Work order: Return the lines that run from the beginning of the entries to the line holding "of the uniform.", inclusive, and drop the pictures.

Data for analysis:
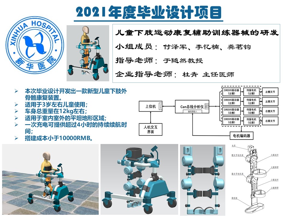 本次毕业设计针对我国脑瘫儿童早期干预工作的必要性和迫切性,提出一种面向脑瘫儿童下肢运动能力康复的新型外骨骼辅助方式。从人体工学的角度出发,设计了一种移动辅助小车式儿童外骨骼康复训练器械,开发了相应的控制系统及步态规划仿真软件,最后完成实物搭建与测试证实该方案的可行性及安全性。
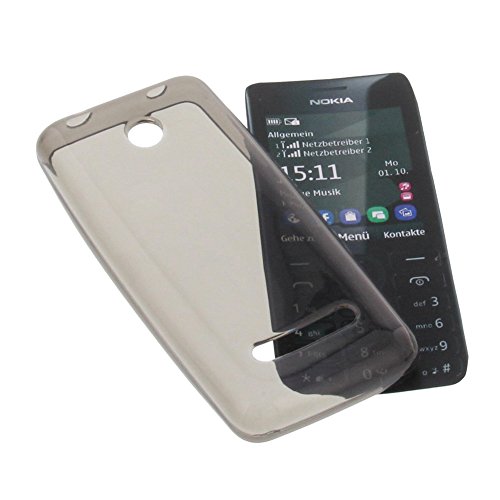 Foto-kontor Custodia Compatibile con cellulari Nokia Asha 206 Cover in Gomma TPU di Colore Grigio
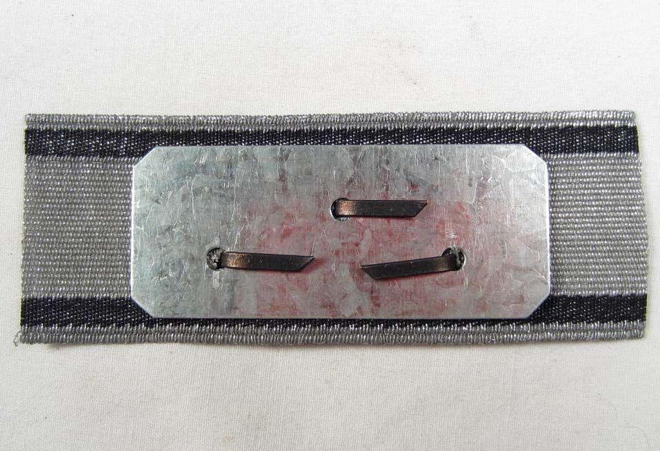 Approx. 1 3/16" by 3 5/16". Has a metal tank and back plate mounted on a flat silver bullion wire strip. Both are magnetic This was awarded for a single tank kill. To have ben worn on the upper left sleeve of the uniform.
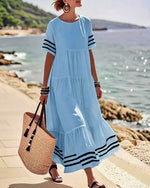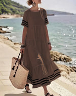 SPECIFICATIONS Style: Casual Material: Cotton Blends Dress Type: Shirt Dress Length: Maxi Neckline: V neck_V Pattern Type: Striped Sleeve Type: Dropped shoulder Sleeve Length: Short Sleeve Details: Slit Fit Type: Loose Season: Spring, Summer, Fall Occasion: Daily Package Includes: 1 x Dress SIZE TABLE (cm) Size Bust Length c...
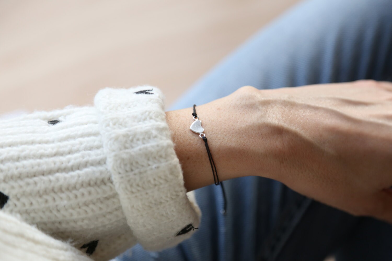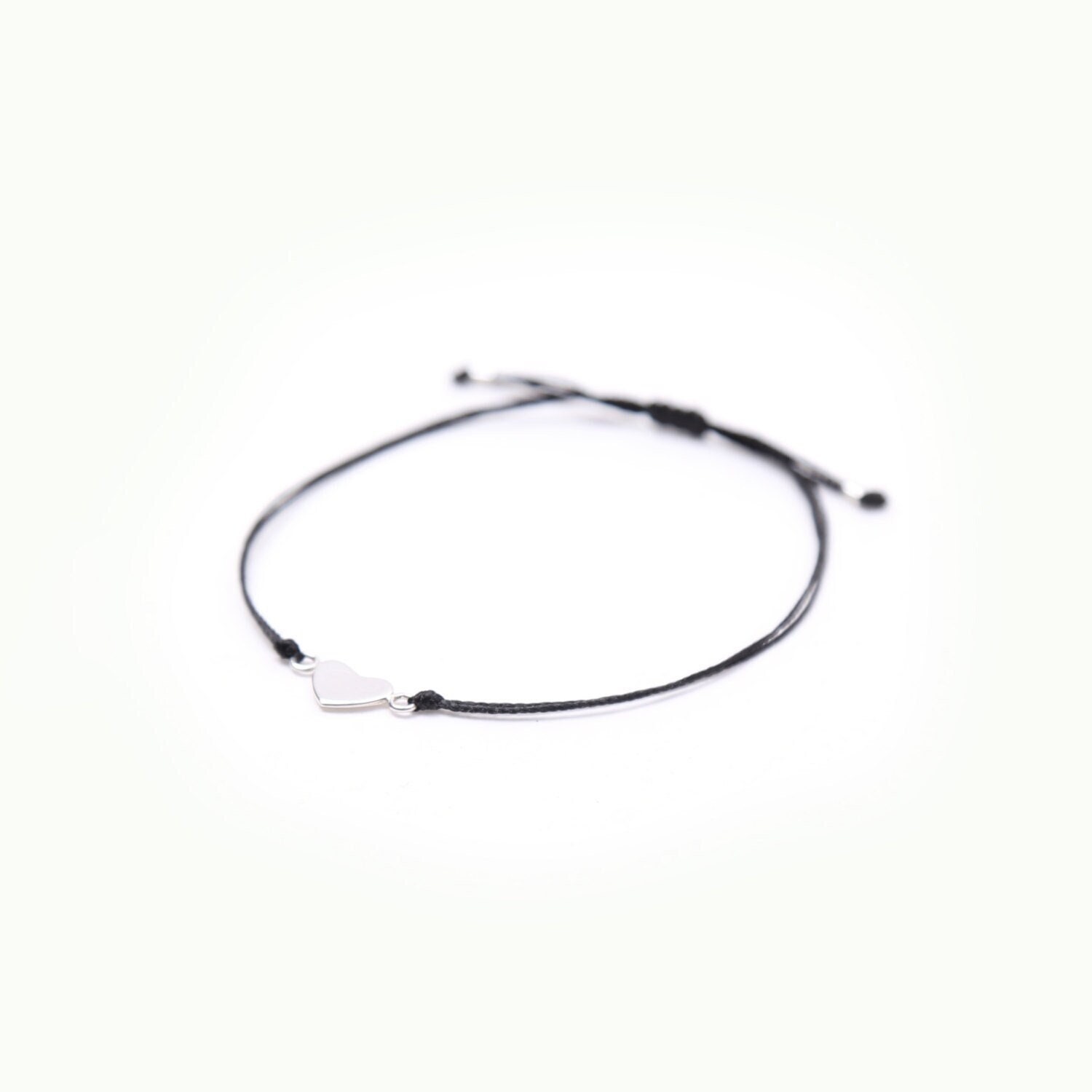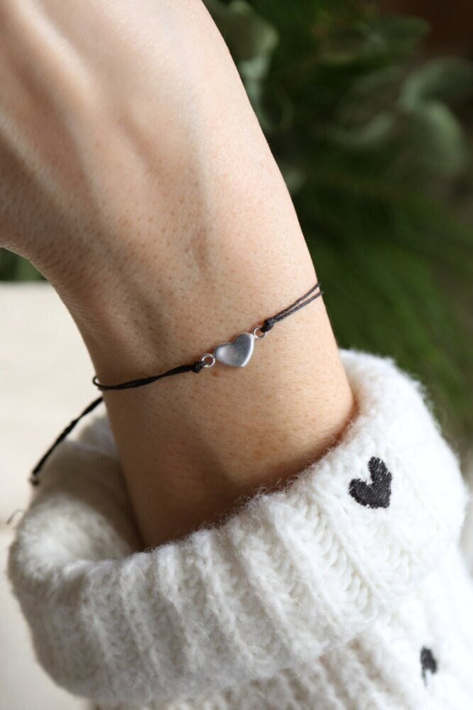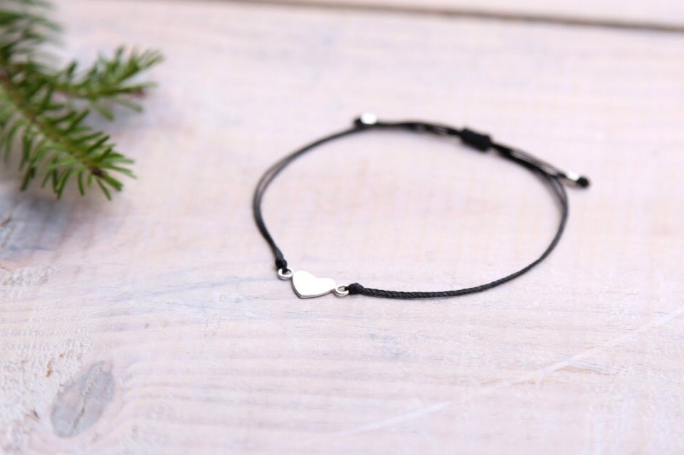 Delicate heart bracelet in real silver on a black nylon thread.
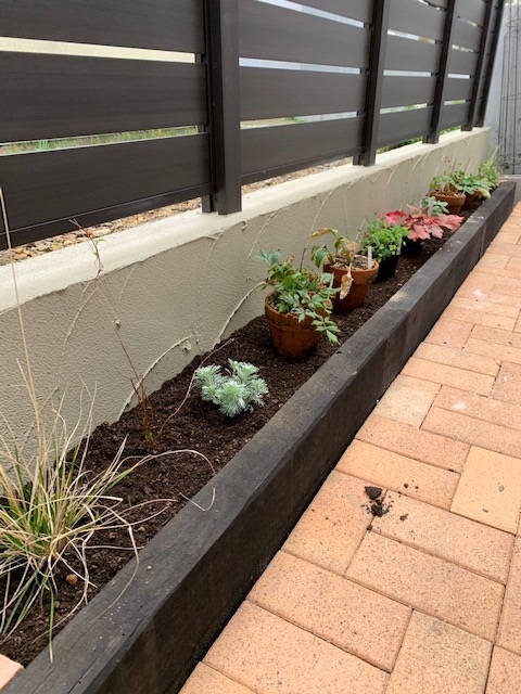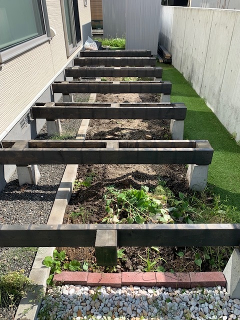 ハーフサイズの枕木で花壇を作りました。狭いお庭はちょっとのスペースも無駄にできません(^_^)
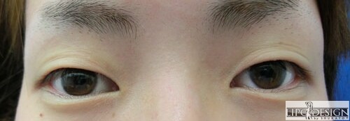処置前・・・21歳女性。かなり重い目で、自分で使うアイプチも好きな幅が作りづらくなってしまったとのことで、糸を留めて二重のクセを作る埋没法で手術することとしました。2daysクイック法の3点留めで行います◎
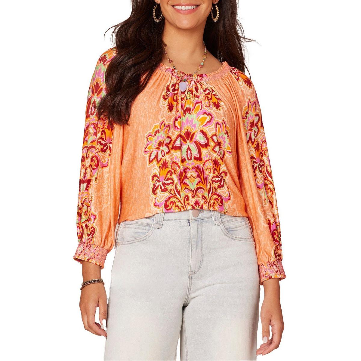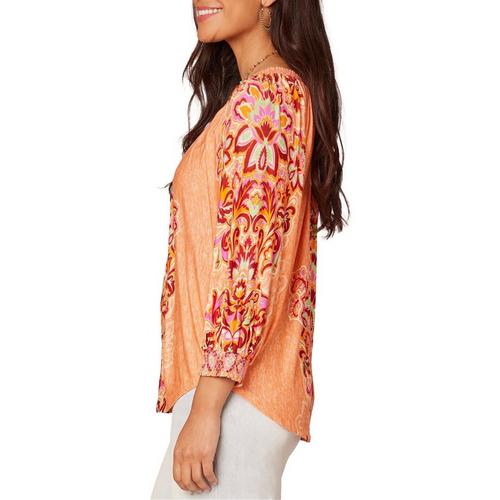 Old Price:Women's Democracy Print Knit 3/4 Sleeve Boat Neck Blouse
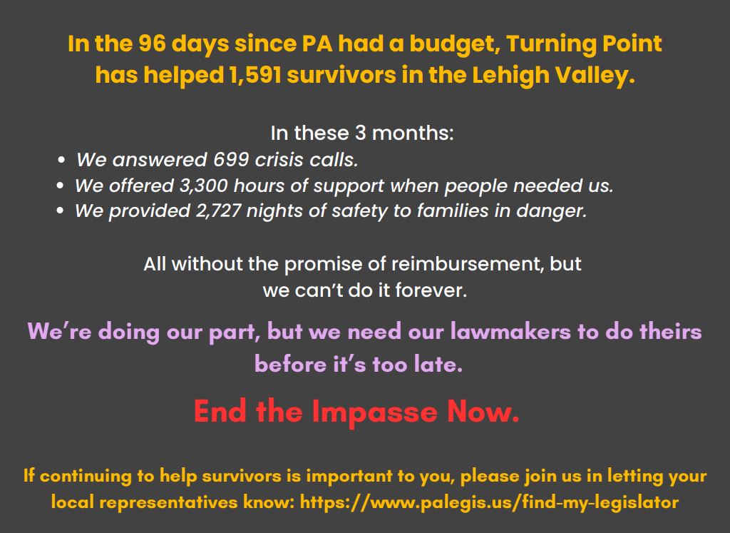 A significant portion of the funds we need to do our work with survivors is being held up as part of the state's budget impasse. We need our legislators to understand that real people are being impacted by the delay in passing the budget. |
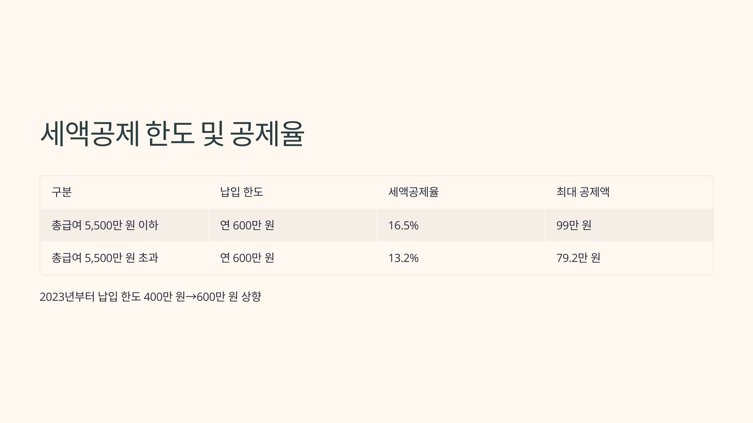 구분 연간 납입 한도 (세액공제 대상) 세액공제율 최대 공제 세액 총급여 5,500만 원 이하 연 600만 원 16.5% 99만 원 (종합소득금액 4,500만 원 이하) 총급여 5,500만 원 초과 연 600만 원 13.2% 79.2만 원 (종합소득금액 4,500만 원 초과)
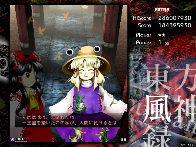 まあ紅魔郷のイージーだと最終面すらやらせてもらえないのでそれよりはマシだけど、せっかくがんばってラスボスの神奈子様倒しても、EDではこっちがぼろ負けしたような描写になってるのでちょっと悔しい。
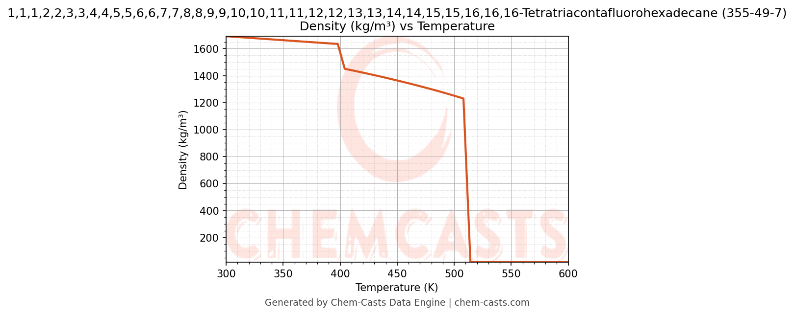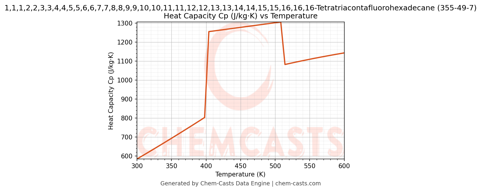 This page presents the temperature-dependent thermodynamic and transport properties of 1,1,1,2,2,3,3,4,4,5,5,6,6,7,7,8,8,9,9,10,10,11,11,12,12,13,13,14,14,15,15,16,16,16-Tetratriacontafluorohexadecane (CAS 355-49-7) calculated at a constant pressure of 1 atm (101325 Pa) over the temperature range 250-500 K.
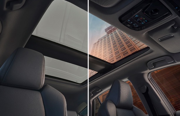 新车采用可调光式全景天幕,采光面积较大,1秒即可切换调光模式和透光模式,两种模式下都可阻挡99%以上紫外线,在日照猛烈的晴天下也能让车内通透敞亮。
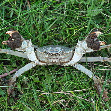 Granchio proveniente dal sud-est asiatico. E’ caratterizzato da una densa peluria sulle chele che conferisce a questi l’aspetto di guanti. Specie molto dannosa per la forte competizione e predazione verso le specie autoctone degli ambienti di acqua dolce. In Italia è stata segnalata una sola volta nel nord-est.
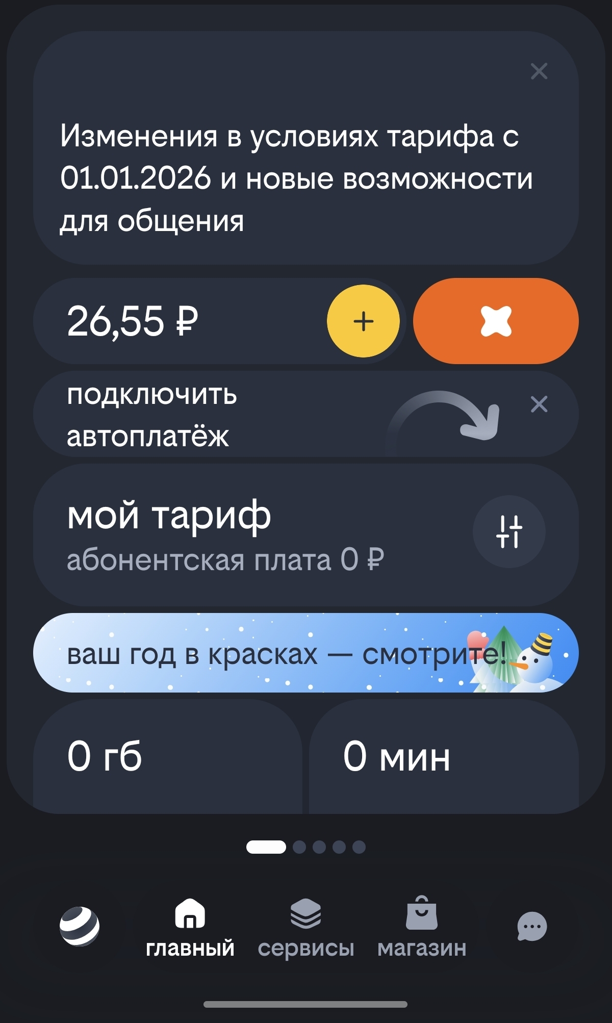 Приходит мне в приложении уведомление. Бегу смотреть - у вас изменения с 1 января (десять дней? Ну, типа почти успели). Тариф UP, по мере надобности подулючала нужное.

Result of the exercise:
 本次毕业设计针对我国脑瘫儿童早期干预工作的必要性和迫切性,提出一种面向脑瘫儿童下肢运动能力康复的新型外骨骼辅助方式。从人体工学的角度出发,设计了一种移动辅助小车式儿童外骨骼康复训练器械,开发了相应的控制系统及步态规划仿真软件,最后完成实物搭建与测试证实该方案的可行性及安全性。
 Foto-kontor Custodia Compatibile con cellulari Nokia Asha 206 Cover in Gomma TPU di Colore Grigio
 Approx. 1 3/16" by 3 5/16". Has a metal tank and back plate mounted on a flat silver bullion wire strip. Both are magnetic This was awarded for a single tank kill. To have ben worn on the upper left sleeve of the uniform.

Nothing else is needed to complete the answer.